Aside from improved ecological validity, using subtle and non-stereotypical expressions may also carry the benefit of detecting slight deficits in emotion recognition. Specifically, while emotion recognition deficits are well established in symptomatic HD patients, among prodromal HD gene carriers this deficit appeared to be less pronounced and less consistently demonstrated (for a meta-analysis, see Bora et al., 2016). These findings indicate that at the prodromal period of HD, facial expression recognition is not a very sensitive measure for the detection of early symptoms, as it is at later stages of the disease. Since recognizing subtle non-stereotypical expressions is more challenging compared to the highly recognizable stereotypical stimuli, early impairments of HD may be easier to detect using such an emotion recognition task.

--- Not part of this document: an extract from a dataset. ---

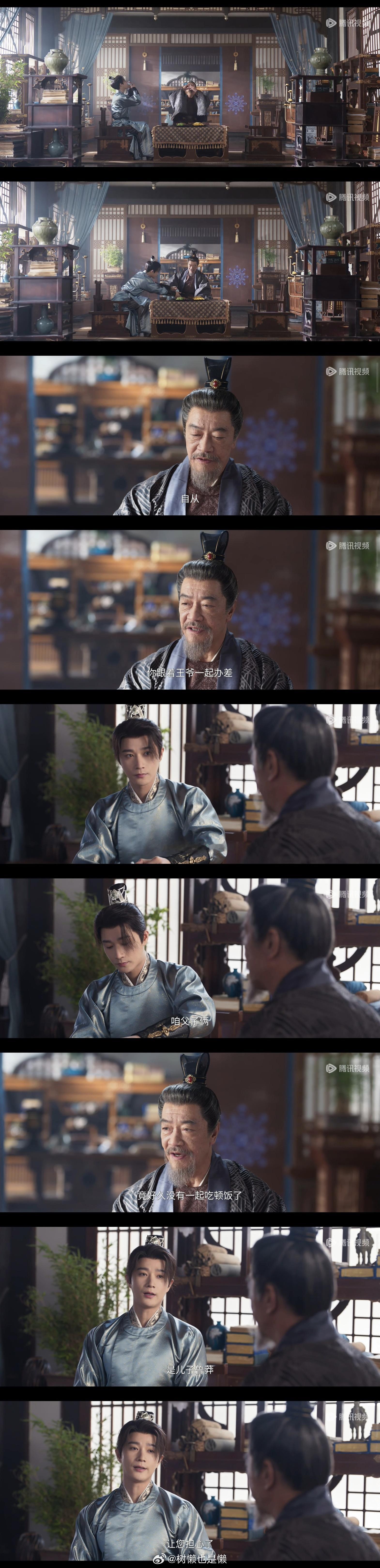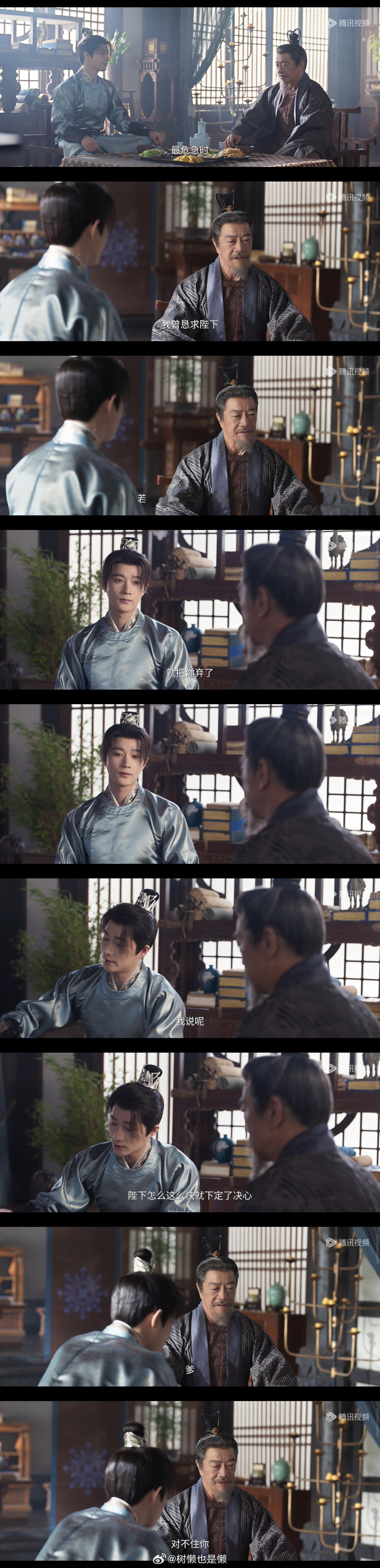 1️⃣特别喜欢景家父子这段对话!!🦊第二部很难得能看到主角团跟长辈们的戏了,第一部的几个长辈基本上都没出现过,最多只存在于台词里……这部虽说景阁老换演员了,但好歹戏里跟儿子有互动景翊在父亲面前的调皮小表情真的很可爱哈哈哈哈还是熟悉的味道,总能缓解沉重氛围如果能再靠一次他爹的肩膀就更好了🥺“要不说咱俩是父子呢,心有灵犀呀,您为了大唐鞠躬尽瘁,死而后已的,我也得有样学样,不能做个孬种吧”“用我一条命换大唐喘息的机会,划算得很”“我就是后悔啊没提前告诉您,让您把我在家谱上记个大功”【这段真的很有纨绔的味道哈哈哈哈】“仰不愧于天,俯不怍于人。”“我儿长大了”2️⃣“恭迎王爷回家”这句话好像霸总文学啊🤣(不是我们月景虽然是背景板但也有可爱的小互动!3️⃣“一两句说不清楚”和“舌头拌饭”终于call back了哈哈哈哈小锦鲤果然在爱情方面还是说不太清楚(4️⃣可惜交州月景不在啊啊啊啊真的很想看五人组!!戏份也太少了还以为进入主线就能聚一起,结果。。真是受够南赵人了

In line with previous studies, we predicted that HD patients' emotion recognition will be impaired compared to control participants. However, we expected this impairment to be more pronounced for the subtle, non-stereotypical stimuli in comparison to the highly intense and stereotypical stimuli.

In addition to characterizing emotion recognition in HD patients and controls, our second goal was to examine how different factors, such as cognitive status, motor symptoms, depression symptoms and an estimation of HD pathology progression, are correlated with emotion recognition decline in HD patients. Particularly, we aimed to compare two possible predictors of emotion recognition performance: general cognitive screening and severity of motor symptoms. The predictive power of these two factors on emotion recognition performance can shed light on its underling mechanism. On the one hand, if the cognitive screening scores are strongly associated with emotion recognition, it will reinforce the assumption that the reduced performance in emotion recognition task is one aspect of more general cognitive deterioration. On the other hand, if the motor symptom severity is strongly correlated with the accuracy of facial expression classification, it will reinforce the action-perception hypothesis, suggesting that emotion recognition deficits in HD patients are rooted in impaired motor control.